Algorithme des actions pour la personne lésée
Fixation du fait de la divulgation. Rassembler des preuves : captures d'écran, correspondances, extraits certifiés, témoignages, enregistrements audio ou vidéo.
Adresse à la direction de l'organe d'État. Déposer une plainte écrite à l'adresse du responsable de l'organe où a eu lieu la fuite. Demander une enquête administrative et l'attroupement du responsable à la responsabilité disciplinaire.
Deposition d'une plainte auprès de Roskomnadzor. C'est une étape clé pour attirer l'attention sur la responsabilité administrative. La plainte doit contenir une description de la situation et des preuves jointes.
Adresse aux organes de l'application de la loi. Lorsque des signes d'un composé de délit (par exemple, la diffusion d'informations sur la vie privée, ayant entraîné des conséquences graves) — une plainte auprès du Comité d'enquête de la Fédération de Russie.
Adresse au tribunal. Pour le recouvrement de l'indemnisation du préjudice moral et des dommages-intérêts. L'instance peut être déposée à l'encontre du responsable individuel (si il est établi) ainsi qu'à l'État comme opérateur des données personnelles.
La décision du tribunal municipal de Moscou dans l'affaire n° 33-**** (2022) a confirmé la décision du tribunal de district sur le recouvrement de l'indemnisation du préjudice moral de 50 000 roubles en faveur d'un citoyen dont les données personnelles (nom, adresse, substance de la plainte contre les voisins) ont été illégalement publiées par un employé de l'institution dans un chat public de messagerie lors de la discussion d'un problème de service. Le tribunal a qualifié les actions de violation de l'article 7 de la FZ-152 et de l'article 24 de la Constitution RF, en indiquant que le consentement à l'обработка des données pour des raisons de traitement ne constitue pas un consentement à leur diffusion publique.

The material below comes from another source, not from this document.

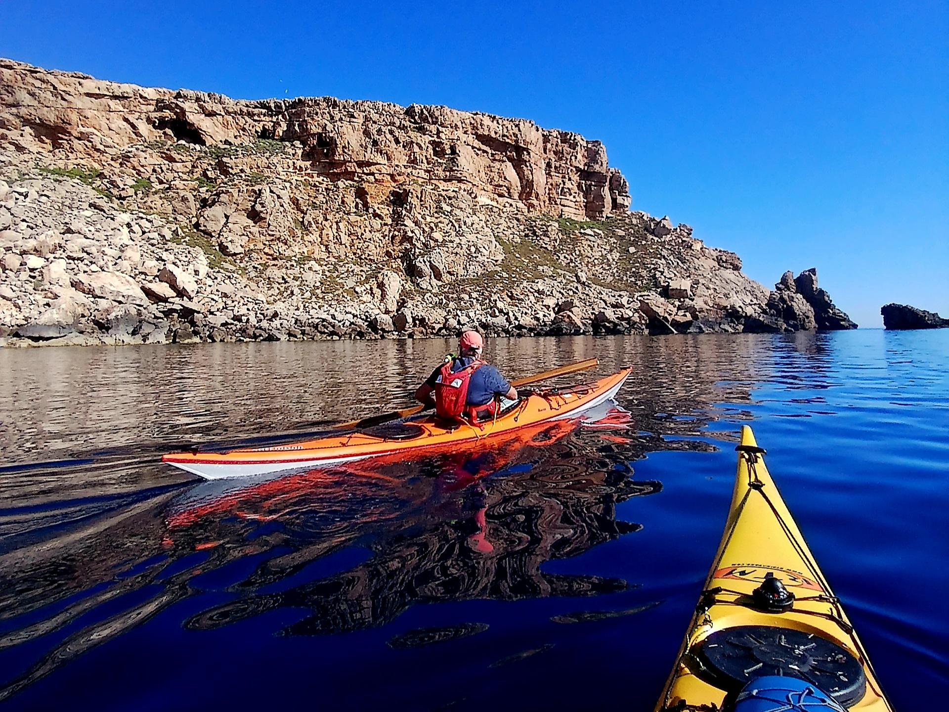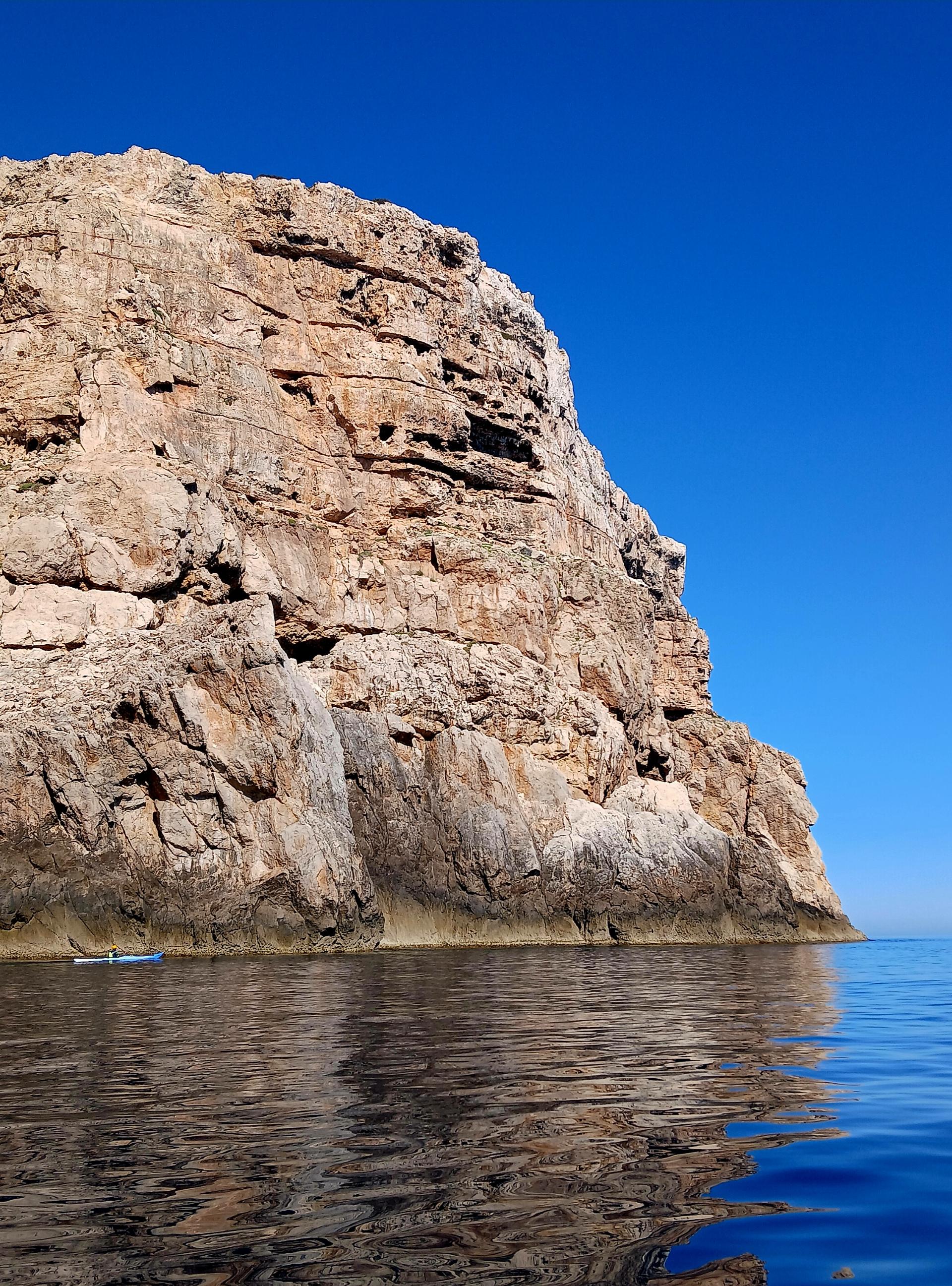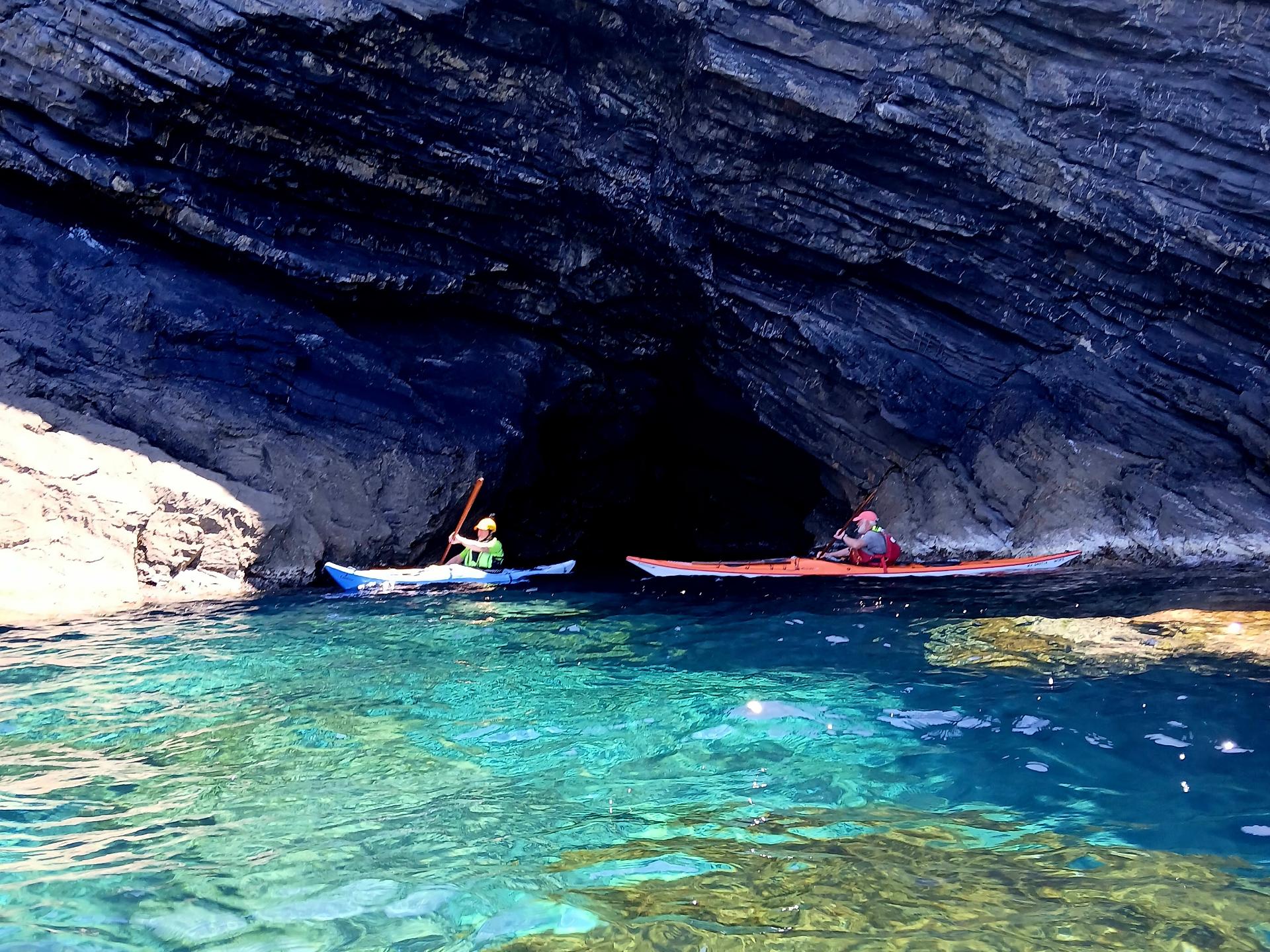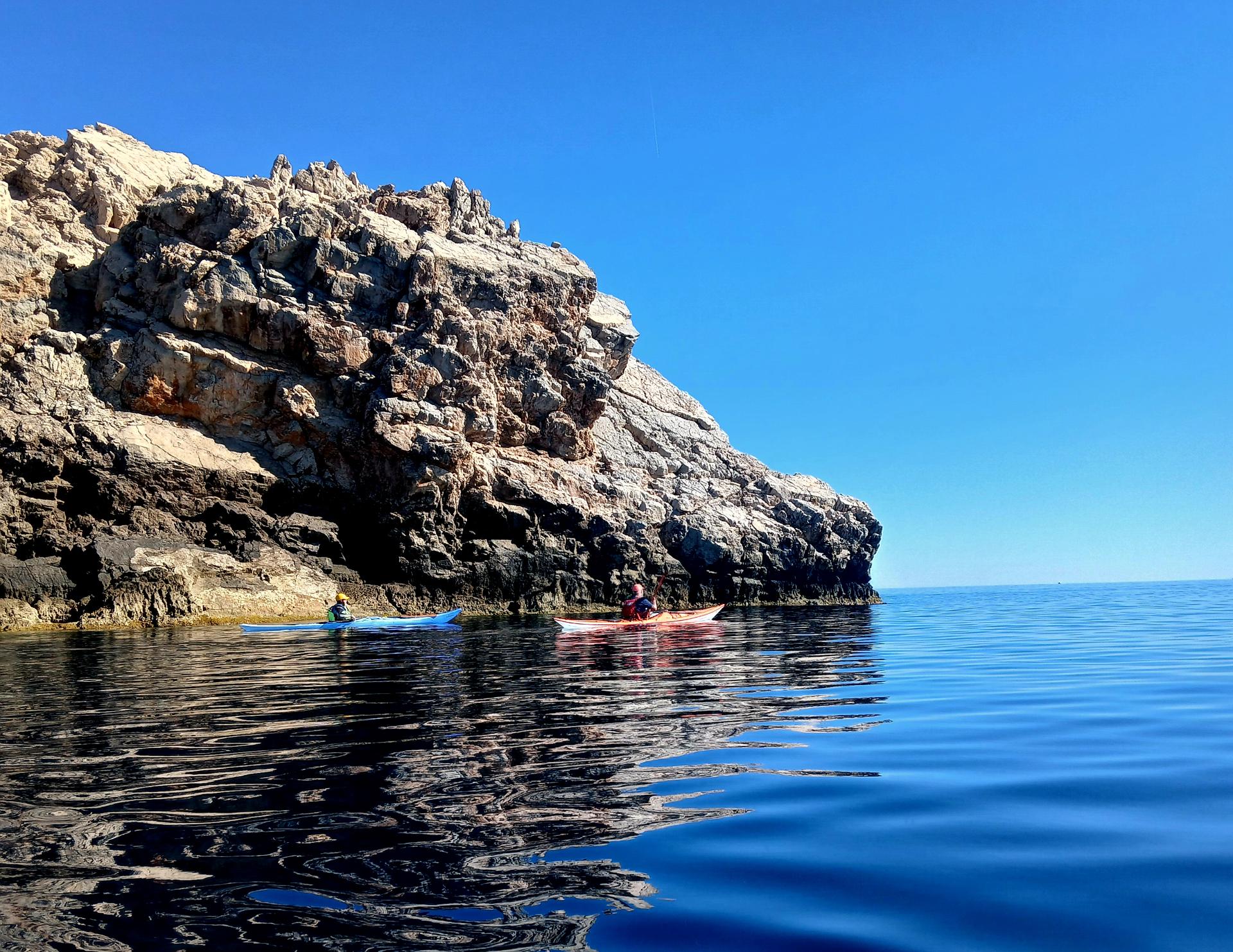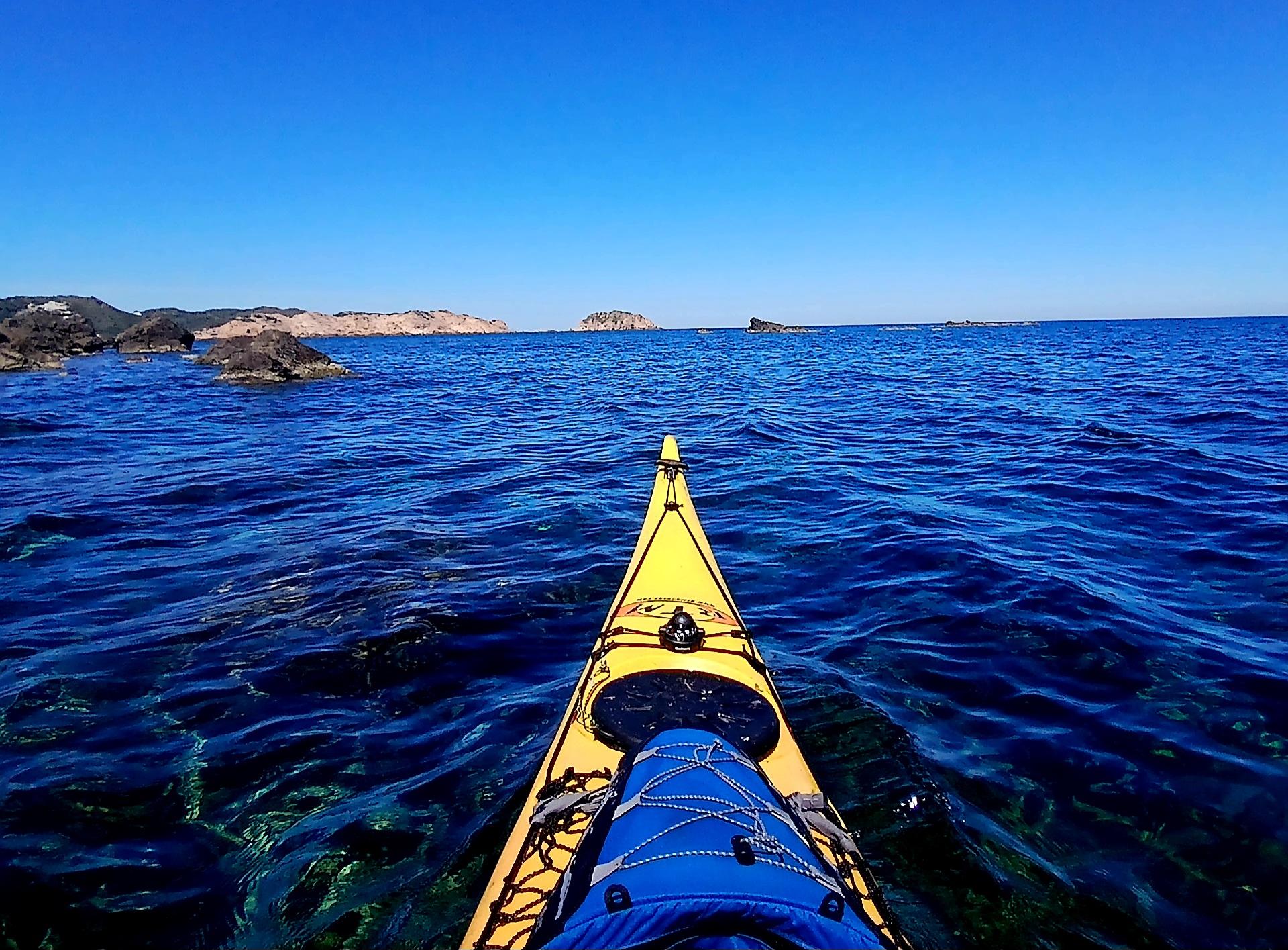 Ce matin la mer est d'huile. Notre sillage laisse une ligne parfaite, ponctuée de part et d'autre par les coups de pagaie. Après un bref arrêt logistique au port de Fornells, nous faisons route au nord pour poursuivre le périple. Le ciel est exempt du moindre nuage, l'ambiance est identique à celle d'hier, la visibilité est parfaite. Rien ne vient perturber l'horizon qui finit par se confondre avec le ciel et nos regards se portent aussi loin que nos capacités visuelles le permettent. Les curiosités géologiques se succèdent : les falaises sont tantôt constituées de conglomérats chaotiques, tantôt de couches rocheuse soigneusement superposées. Durant les deux jours de navigation nous en prenons plein les yeux. C'est comme si la côte septentrionale de l'île s'amuse à prendre toutes les formes et à se parer de toutes les couleurs, rien que pour nous. Au détour d'une anfractuosité, d'une grotte, d'un passage étroit que nous découvrons grâce à notre sagacité, l'île se donne à nous. La mer exhale des arômes intenses, délicats parfois, mais toujours authentiques. Bienfaisante, elle nous montre son visage le plus assagi et nous laisse ainsi évoluer calmement au plus près du grès et du calcaire, dans des criques secrètes, au bas des falaises abruptes, dans les grottes et tunnels profonds ou encore sur les eaux turquoises qui bordent les plages. L'itinéraire se déroule ainsi, de l'émerveillement à la contemplation, sans manquer les pauses déjeuner où nous atténuons les ardeurs du soleil par de fraîches baignades, prolongées d'une sieste.

La divulgation de données personnelles à partir d'une demande à un organe d'État — une infraction grave, violant le droit constitutionnel à l'intimité de la vie privée et sapant la confiance en l'autorité. Le mécanisme de protection et l'attroupement à la responsabilité sont multilinéaire et nécessitent une position active de la part de la victime pour la collecte de preuves et les demandes successives aux instances de contrôle et aux instances de protection des droits. L'efficacité de la punition dépend directement de la qualification correcte de l'acte et du choix des moyens de protection juridique correspondants.